The agent will prompt you with 4 dialog windows to customize the LVS microservice parameters.

You can cancel the workflow at any time by typing “/cancel” in the pop-up input box.

Scenario

Describe the monitoring context. For example:

warehouse monitoring
Pop-up for scenario input
Events

List events of interest to track. For example:

box falling, accident, person entering restricted area
Pop-up for events input
Objects of Interest

Specify objects to monitor. For example:

forklifts, pallets, workers
Pop-up for objects of interest input
Confirmation

Confirm the prompts by clicking “Submit”.
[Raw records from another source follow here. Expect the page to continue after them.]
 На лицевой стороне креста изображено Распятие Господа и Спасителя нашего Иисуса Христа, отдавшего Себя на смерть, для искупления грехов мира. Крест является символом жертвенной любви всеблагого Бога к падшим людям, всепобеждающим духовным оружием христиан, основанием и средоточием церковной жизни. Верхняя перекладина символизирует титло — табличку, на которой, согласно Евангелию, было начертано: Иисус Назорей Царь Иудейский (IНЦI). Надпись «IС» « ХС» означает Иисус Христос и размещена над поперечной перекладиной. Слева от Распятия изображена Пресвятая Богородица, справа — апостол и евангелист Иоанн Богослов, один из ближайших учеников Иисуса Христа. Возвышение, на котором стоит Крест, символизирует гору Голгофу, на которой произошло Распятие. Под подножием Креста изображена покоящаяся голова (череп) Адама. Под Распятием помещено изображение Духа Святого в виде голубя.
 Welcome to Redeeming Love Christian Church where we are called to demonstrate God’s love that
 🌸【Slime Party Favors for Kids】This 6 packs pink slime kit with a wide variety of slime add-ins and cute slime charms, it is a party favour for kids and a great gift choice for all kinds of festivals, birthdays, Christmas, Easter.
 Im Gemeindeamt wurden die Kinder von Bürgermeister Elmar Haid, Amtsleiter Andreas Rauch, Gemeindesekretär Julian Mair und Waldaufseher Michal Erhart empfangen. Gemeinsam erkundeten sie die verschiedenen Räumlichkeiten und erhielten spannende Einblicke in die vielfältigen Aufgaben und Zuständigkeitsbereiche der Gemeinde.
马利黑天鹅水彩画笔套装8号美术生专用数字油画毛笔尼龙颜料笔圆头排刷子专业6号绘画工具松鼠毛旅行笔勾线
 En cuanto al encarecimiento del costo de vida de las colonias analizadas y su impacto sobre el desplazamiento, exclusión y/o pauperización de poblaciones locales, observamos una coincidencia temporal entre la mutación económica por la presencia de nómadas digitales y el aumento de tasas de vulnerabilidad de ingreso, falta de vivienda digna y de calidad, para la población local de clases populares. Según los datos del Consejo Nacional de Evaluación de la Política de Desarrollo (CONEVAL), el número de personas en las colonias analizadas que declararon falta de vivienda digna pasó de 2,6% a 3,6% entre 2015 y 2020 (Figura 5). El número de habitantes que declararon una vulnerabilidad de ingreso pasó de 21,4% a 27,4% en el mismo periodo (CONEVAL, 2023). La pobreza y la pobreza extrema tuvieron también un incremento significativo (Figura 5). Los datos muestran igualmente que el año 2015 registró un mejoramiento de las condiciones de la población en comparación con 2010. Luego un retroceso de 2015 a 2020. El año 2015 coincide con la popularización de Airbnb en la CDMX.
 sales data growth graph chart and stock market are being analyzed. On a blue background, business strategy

You can also redo the prompts by typing “/redo” or cancel the workflow by typing “/cancel”.

Pop-up for confirmation

If you did not cancel the workflow, the agent will show the intermediate steps of the agent’s reasoning while the response is being generated and then output the final answer. You can download the report in PDF format by clicking on “PDF Report” in the agent’s response:

Report generated

Step 4: Search for specific events in the Dashboard#

On the left sidebar, click on “Dashboard” to open the elastic dashboard in the main window. From the menu icon, choose the “Discover” tab.

Dashboard tab

Set lvs-events in the Data view dropdown. Here you can see for each query, the events that were detected in the video. When you click on a row item, a panel will open in the right side with details about the backend request and the event.

Discover tab

Step 5: Teardown the Agent#

To teardown the agent, run the following command:

scripts/dev-profile.sh down

This command will stop and remove the agent containers.

Next steps#

Once you’ve familiarized yourself with the long video summarization workflow, you can explore adding other agent workflows, such as search and alerting.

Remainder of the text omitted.